The importance that the instructors attached to students’ personalities may reflect the
emphasis that they placed on classroom discussions in assessing peer effects. A central premise of
class discussion is that all students can learn from the group: that the interaction of individuals with
varying backgrounds and opinions provides a richness of understanding that is not possible to
achieve individually. Thus, instructors consistently lauded peer behavior that advanced the collective
expression of ideas and denigrated behavior that impeded it.
Academic ability surely affects the content of a student’s classroom contributions: smarter
and better prepared students would be expected to have greater insight on the readings and to thus
make comments that have greater academic merit. While the contributions of these students to the
discussion may advance the class toward academically profound answers, they do not necessarily
advance the active participation of their peers in the conversation and so may not contribute to
achieving the richest and deepest collective responses to questions. Indeed, they may have quite the
opposite effect if their contributions are voiced in a superior, dismissive, belittling, or intimidating
tone.
The instructors we interviewed consistently ranked as the most effective peers the students
whose contributions to class discussions seemed to open up space for the contributions of others.
While these students were often academically very strong, we heard about many students who were
not academically outstanding but who seemed to have a strongly positive effect on their peers. A
central conclusion from our analysis of the interviews is that instructors think attitude affects the
quality of peer effects more than aptitude.
Good peer behavior
There were many peer characteristics that were mentioned by many or most of the core-
course instructors we interviewed. The most obvious (and probably universal) beneficial behavior
was simply attending and being prepared for class. In small discussion sections, absences are easily
noticed by both instructors and peers. Students who fail to participate because of inadequate
preparation also drag the class down, as do those who attempt to dominate despite being
unprepared.
15
As noted above, most of the positive peer characteristics related to students’ personalities
and their attitudes toward the course and toward academic study in general. Many of these
characteristics overlap and one would often expect to find students exhibiting one characteristic to
have others as well.
• Attendance and careful preparation for class were at or near the top of most lists. Indeed,
this positive characteristic was obvious enough that few instructors felt the need to dwell on
it.
• Maturity, leadership, and concern for the progress of the class were mentioned in various
forms by many instructors. Students who are genuinely concerned with how the class is
going and who have the personal tools to take the lead in facilitating peer interaction seem to
be priceless assets in a discussion-based classroom. Self-confident, humble, energetic,
empathetic, and cheerful were mentioned as desirable traits often seen in these students.
• General intellectual curiosity was almost universally listed as a desirable peer characteristic.
Students who like to think about abstract questions and learn for learning’s sake tend to
bring a positive influence to class discussions.
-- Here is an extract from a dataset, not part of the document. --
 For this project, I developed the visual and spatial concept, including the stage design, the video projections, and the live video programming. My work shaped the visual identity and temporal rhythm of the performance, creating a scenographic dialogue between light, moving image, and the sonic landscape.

They are good role models for others who are
less convinced of the merits of the intellectual enterprise. Several interviewees used the term
“playfulness” with ideas to describe beneficial peer behavior.
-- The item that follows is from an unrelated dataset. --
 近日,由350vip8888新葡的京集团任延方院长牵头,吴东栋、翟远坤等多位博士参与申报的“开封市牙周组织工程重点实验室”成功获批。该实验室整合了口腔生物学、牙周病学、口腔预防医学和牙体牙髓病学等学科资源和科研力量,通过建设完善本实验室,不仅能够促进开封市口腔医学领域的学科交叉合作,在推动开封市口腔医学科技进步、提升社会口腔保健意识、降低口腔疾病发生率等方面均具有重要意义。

• Respect for the opinions of other students was another near-universally mentioned
characteristic. Students who believe that their peers’ insights are valuable usually listen to
them carefully and respond thoughtfully and in a way that invites further comment. This
kind of participation leads to improved class dynamics. One instructor noted that students
feel like they are taken seriously when one of their peers (or the instructor) subsequently
refers to or builds on their comments, even if they end up disagreeing. Such behavior
validates the student’s contribution to the discussion and encourages further participation.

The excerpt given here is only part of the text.